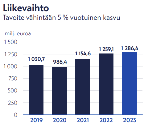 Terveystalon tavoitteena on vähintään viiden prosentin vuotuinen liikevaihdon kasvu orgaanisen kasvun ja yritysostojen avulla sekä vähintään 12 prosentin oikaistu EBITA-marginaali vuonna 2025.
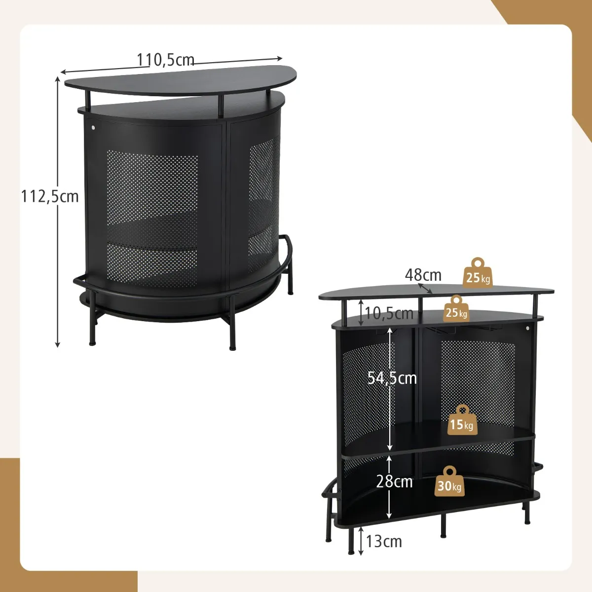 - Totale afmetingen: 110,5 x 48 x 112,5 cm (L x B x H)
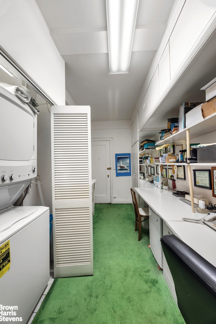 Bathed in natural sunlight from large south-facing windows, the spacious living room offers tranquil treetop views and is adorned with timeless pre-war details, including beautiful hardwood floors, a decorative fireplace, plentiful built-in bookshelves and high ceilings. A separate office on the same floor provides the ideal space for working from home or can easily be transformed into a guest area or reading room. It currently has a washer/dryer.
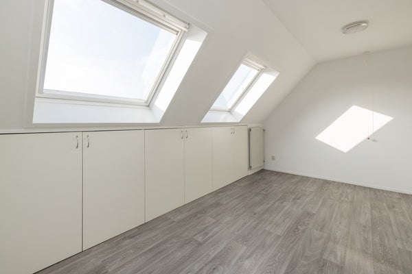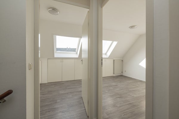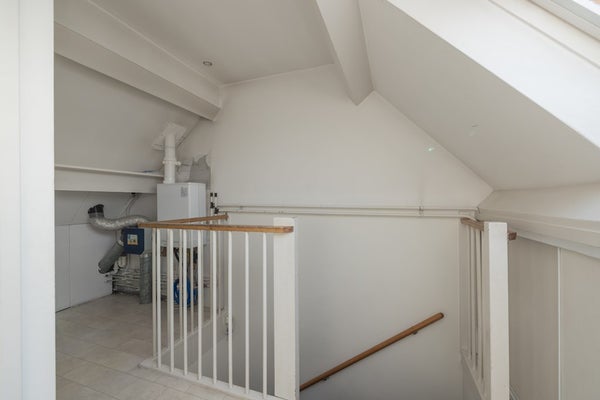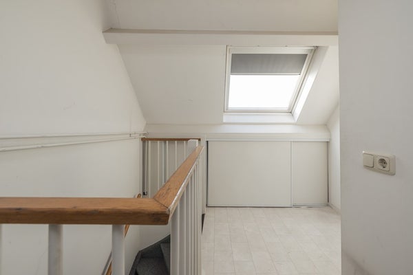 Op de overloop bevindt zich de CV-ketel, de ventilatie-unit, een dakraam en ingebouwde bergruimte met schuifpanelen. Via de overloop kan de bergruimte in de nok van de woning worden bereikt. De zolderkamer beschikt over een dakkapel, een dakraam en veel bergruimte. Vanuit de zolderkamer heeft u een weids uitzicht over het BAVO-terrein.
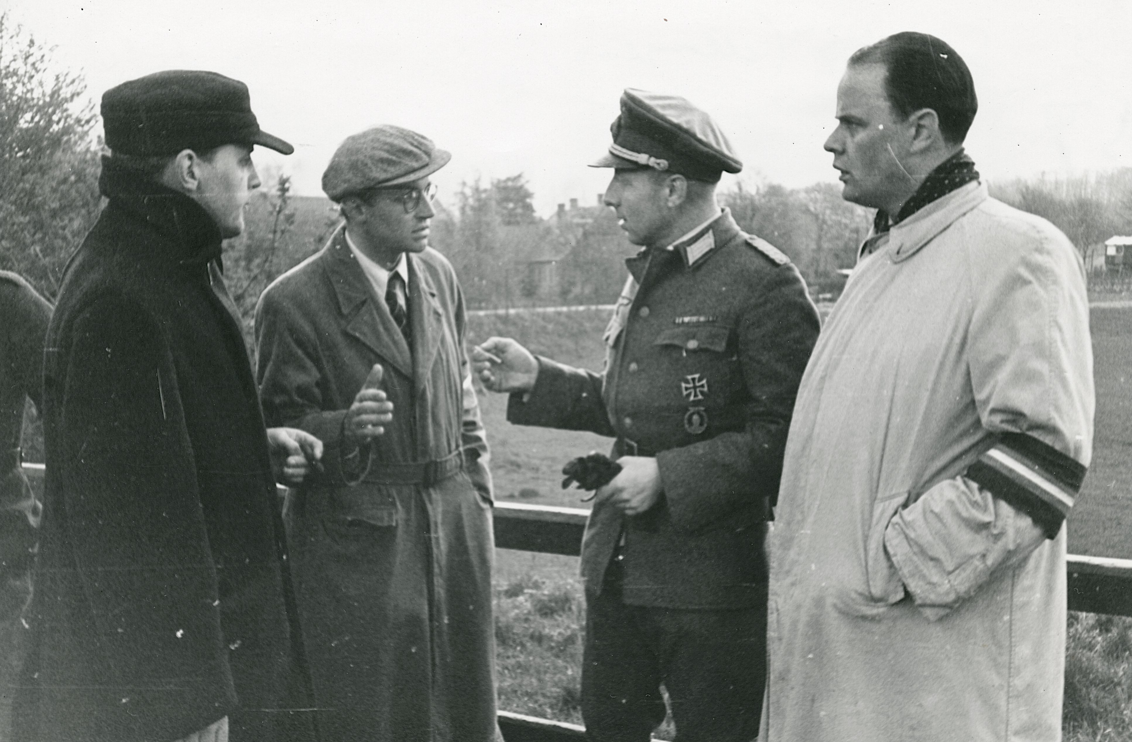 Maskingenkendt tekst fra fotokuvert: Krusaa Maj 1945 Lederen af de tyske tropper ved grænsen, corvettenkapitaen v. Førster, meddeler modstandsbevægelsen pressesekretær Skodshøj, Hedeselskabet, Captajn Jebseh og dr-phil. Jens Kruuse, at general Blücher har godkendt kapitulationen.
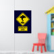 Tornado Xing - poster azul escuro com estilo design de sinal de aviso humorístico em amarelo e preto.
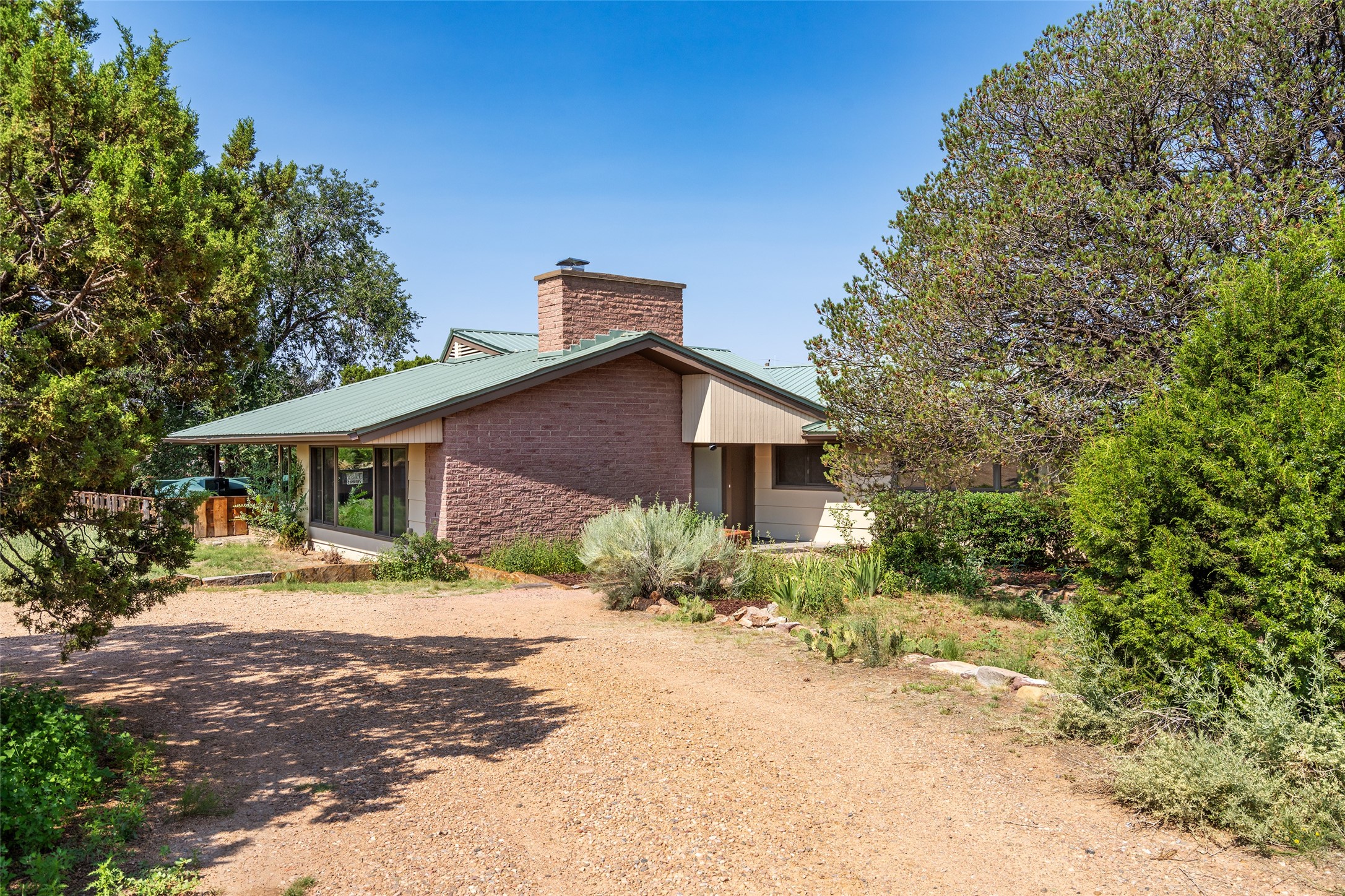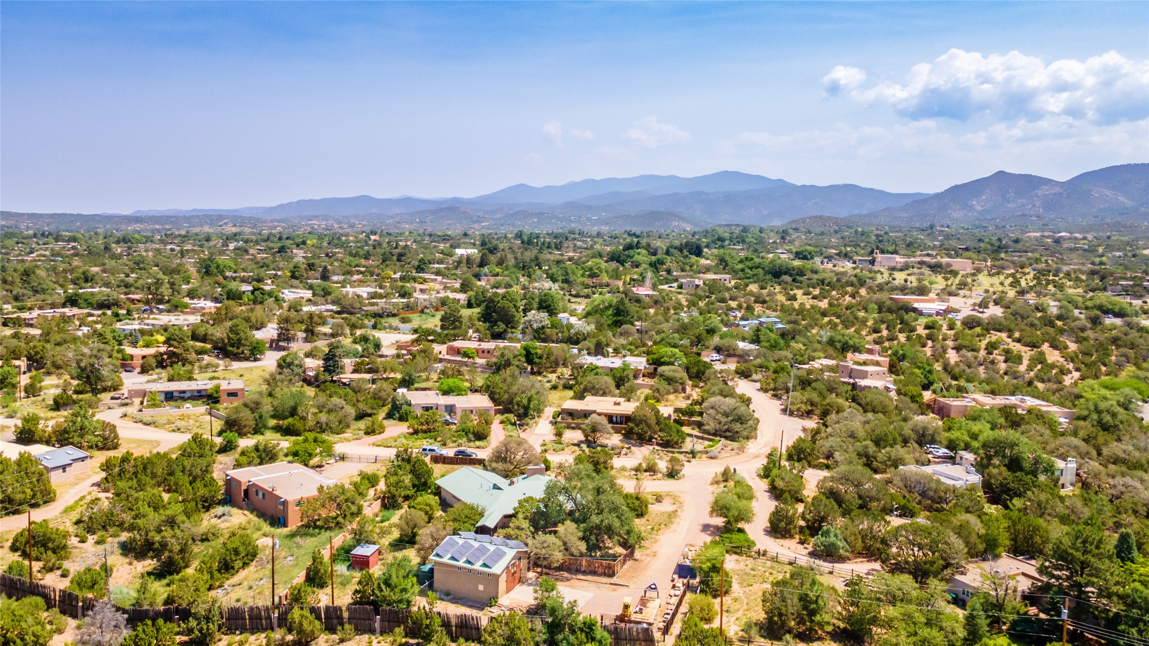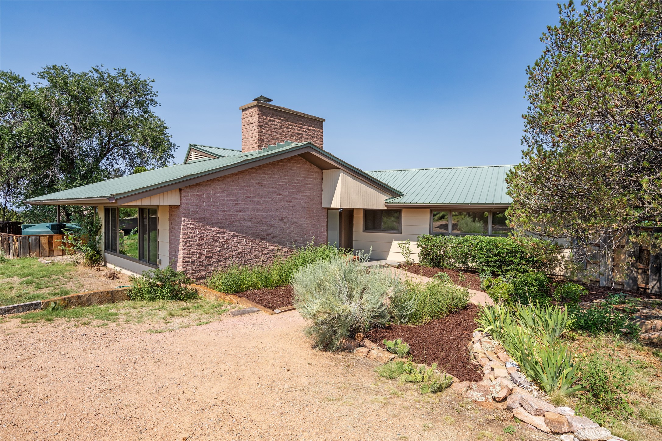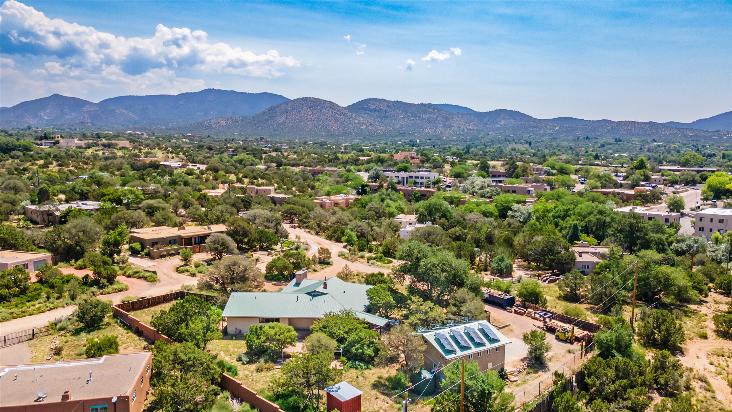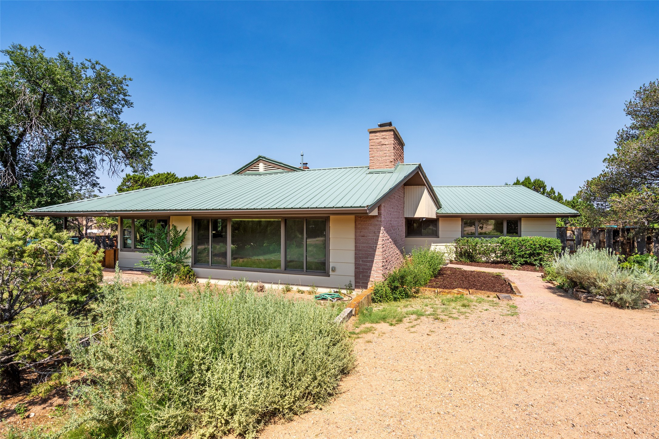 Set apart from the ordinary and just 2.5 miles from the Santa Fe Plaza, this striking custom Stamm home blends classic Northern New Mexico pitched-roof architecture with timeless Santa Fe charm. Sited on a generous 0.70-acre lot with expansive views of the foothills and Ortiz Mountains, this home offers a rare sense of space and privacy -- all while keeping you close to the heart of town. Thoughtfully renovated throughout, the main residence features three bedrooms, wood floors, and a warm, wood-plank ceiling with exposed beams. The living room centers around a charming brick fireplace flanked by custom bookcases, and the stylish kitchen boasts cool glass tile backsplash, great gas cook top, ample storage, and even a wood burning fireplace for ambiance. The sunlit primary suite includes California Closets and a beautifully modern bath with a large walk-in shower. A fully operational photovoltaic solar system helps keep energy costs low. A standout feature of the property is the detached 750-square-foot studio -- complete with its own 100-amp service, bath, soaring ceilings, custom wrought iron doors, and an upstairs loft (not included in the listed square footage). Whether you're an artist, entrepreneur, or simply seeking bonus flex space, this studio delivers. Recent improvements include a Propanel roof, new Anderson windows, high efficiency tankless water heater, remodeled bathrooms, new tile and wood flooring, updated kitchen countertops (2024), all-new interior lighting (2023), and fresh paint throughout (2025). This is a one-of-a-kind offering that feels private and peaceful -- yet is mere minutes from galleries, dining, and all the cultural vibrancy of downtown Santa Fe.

* _Task to complete_: The answer must be the lines from the first one in the records through the line containing "Bathed in natural", copied exactly, with no pictures.

* _Reply to the task_:
 Terveystalon tavoitteena on vähintään viiden prosentin vuotuinen liikevaihdon kasvu orgaanisen kasvun ja yritysostojen avulla sekä vähintään 12 prosentin oikaistu EBITA-marginaali vuonna 2025.
 - Totale afmetingen: 110,5 x 48 x 112,5 cm (L x B x H)
 Bathed in natural sunlight from large south-facing windows, the spacious living room offers tranquil treetop views and is adorned with timeless pre-war details, including beautiful hardwood floors, a decorative fireplace, plentiful built-in bookshelves and high ceilings. A separate office on the same floor provides the ideal space for working from home or can easily be transformed into a guest area or reading room. It currently has a washer/dryer.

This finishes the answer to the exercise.